**Problem**. Only the text of the records below belongs in the answer, copied exactly, with pictures omitted.
↓
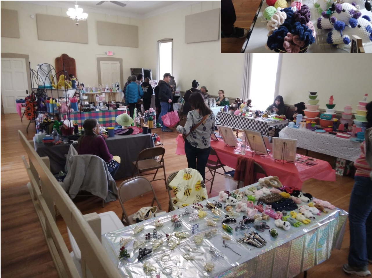
Big room at OTMCC packed with vendors and customers - a very successful day!
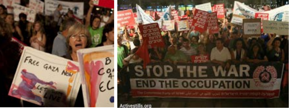
Tel Aviv, July 26: Up to 8,000 Israeli leftists brave threatened police repression to protest against Israel's genocidal attack on Gaza.
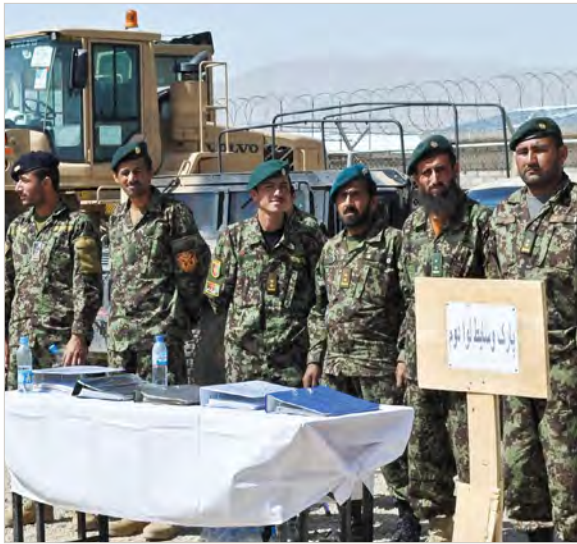
Soldier field instruction.

end of 2015, the United States will reduce that presence by roughly half, and by the end of 2016, the United States will drawdown to a normal embassy presence in Kabul, with a security assistance component, as was done in Iraq.
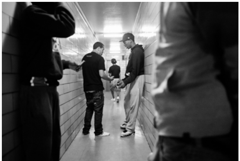
Making a buck: Drug dealing to the local community is the main source of income for the gang.
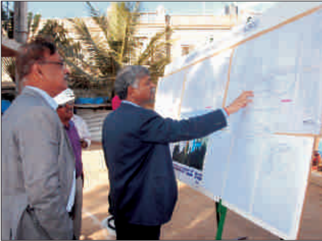
Metro Hospital Block (High Risk Pregnancy Ward) site, Bengaluru on 5th December, 2014
↑
**Solved problem**.
Big room at OTMCC packed with vendors and customers - a very successful day!
Tel Aviv, July 26: Up to 8,000 Israeli leftists brave threatened police repression to protest against Israel's genocidal attack on Gaza.
Soldier field instruction.

end of 2015, the United States will reduce that presence by roughly half, and by the end of 2016, the United States will drawdown to a normal embassy presence in Kabul, with a security assistance component, as was done in Iraq.
Making a buck: Drug dealing to the local community is the main source of income for the gang.
Metro Hospital Block (High Risk Pregnancy Ward) site, Bengaluru on 5th December, 2014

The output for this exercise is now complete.